The College Bureaucracy: How Education Forgot the Students and Became A Business By Devon DB

Students attend college to pursue their interests, broaden their intellectual horizons and make headway toward a career. While this is made difficult due to the amount of debt that many must saddle in order to earn a degree, there is also another, much stealthier problem as well: the college bureaucracy.

University bureaucracies absorb large amounts of funding and undermine the alleged goal of college, which is to provide an education. But they also signal something more sinister: the neo-liberalization of education, now viewed as a business.

The rise in college bureaucracy is nothing new, and has been noted for quite some time. Ralph Reiland wrote in 1996 in the National Review that “over the past two decades, the number of college and university faculty has increased by 30 per cent and the number of non-faculty jobs on campus has more than doubled.” And Benjamin Ginsberg, in his 2011 book The Fall of the Faculty: The Rise of the All-Administrative University and Why It Matters provides more recent numbers, noting that from 1985 to 2005 the number of “administrators rocketed by 85 percent and their attendant staff by a whopping 240 percent.”

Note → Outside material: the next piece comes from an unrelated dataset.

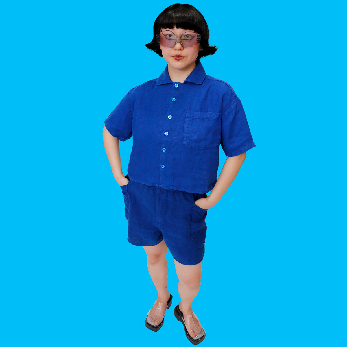 Boxy, accommodating. Cut from a sturdy/breathable 7.5 oz linen. Sleeves hit at the elbow and are meant to be rolled or left long and then it’s another vibe. ‘Cut-away’ style collar has a great ‘roll’, and the big chest pocket comes with a pen slot (pen not included, you provide the pen).

All of which begs the question: what is it exactly that these college bureaucrats do? Universities wouldn’t spend precious funds hiring them for no reason, yet much of the time there isn’t even enough work to keep all the bureaucrats busy. As a result, many have been charged with creating tradition committees, whose goal it is to instill “pride in the university for the campus community as well as for extended university community members through preservation and resurrection of time-honored traditions.”